End-to-end Adaptive Distributed Training

Distributed training is a popular method for training large neural networks efficiently by processing large amounts of data. However, meeting the requirements of different neural network models, computing resources, and their dynamic changes during a training job is a significant challenge. This challenge is even more significant in industrial applications and production environments.

The End-to-End Adaptive Distributed Training Framework

In this study, a systematic approach has been designed for the distributed training framework to provide an adaptive ability for different scenarios, particularly in industrial applications and production environments. This framework is equipped with a global cost model and a global planner. Based on the unified distributed graph and the unified cluster object, the framework enables the following features:

  • Arbitrary parallelism
  • Resource-aware placement
  • Multi-mode execution
  • Fault-tolerant
  • Elastic distributed training

Unified Distributed Graph and Cluster Object

The framework is designed in a systematic end-to-end view that fully considers the resource allocation, model partition, task placement, and distributed execution. The unified distributed graph and the unified cluster object are used as the basis of the framework. These two components provide a comprehensive and intuitive view of a distributed training job as a graph. Each node in the graph represents an operation, and each edge represents the input/output dependency between operations.

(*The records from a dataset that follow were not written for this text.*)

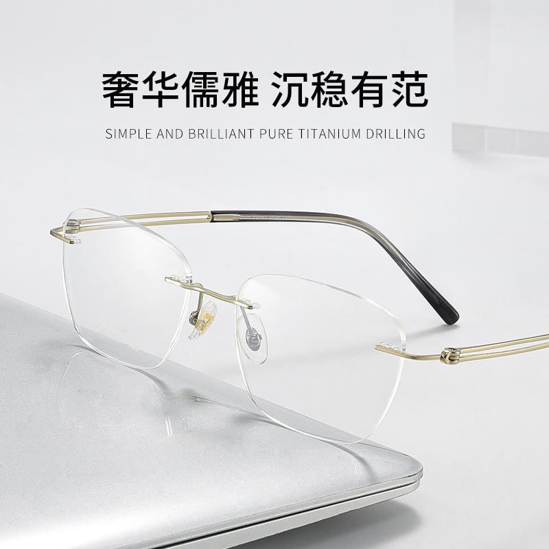Gafas de Hombre Mirror One Factory, Montura de Titanio Puro sin Aro, Modelo 6077, Ultraligeras, Cuadradas, Ópticas
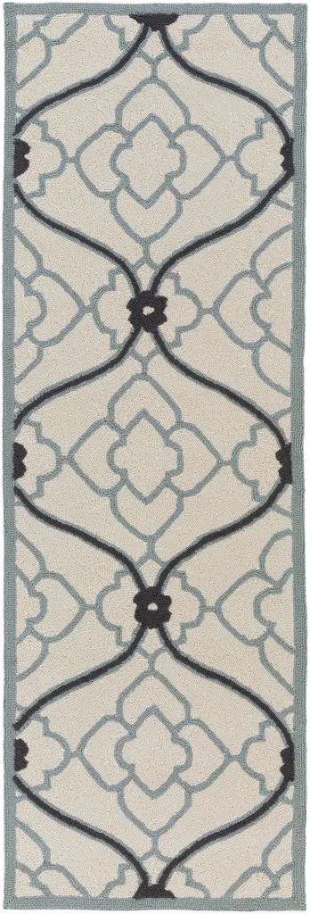 Collection: Menomonie Colors: Navy, Medium Gray, Peach Construction: Hand Hooked Material: 100% Polypropylene Pile: Medium Pile Pile Height: 0.5" Styles: Outdoor Backing: Outdoor Latex Outdoor Safe: Yes Made In: China Thickness: 0.63" Price Range: $$$$$ (Affordable)
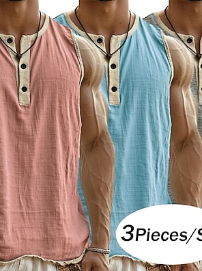3 darabos, több darabos csomagos férfi trikó, ujjatlan mellény, henley ing, nyári, egyszerű, divattervező, alapvető, lezser, vakációs, utcai, A B C felső, férfiaknak

Global Cost Model and Global Planner

The global cost model and global planner are essential components of the framework, and they enable the framework's adaptability. The global cost model estimates the cost of executing an operation in different scenarios, considering the computation and communication overhead. The global planner uses the cost model to select the optimal placement and scheduling of operations on resources in different scenarios, taking into account the resource availability, network topology, and inter-operation dependencies.

Experiments

This framework has been tested, and the experiments demonstrated that it can satisfy various requirements from the diversity of applications and the heterogeneity of resources with highly competitive performance. The adaptive framework's unique features enable it to provide excellent parallelism, optimal resource utilization, efficient communication, fault tolerance, and elasticity.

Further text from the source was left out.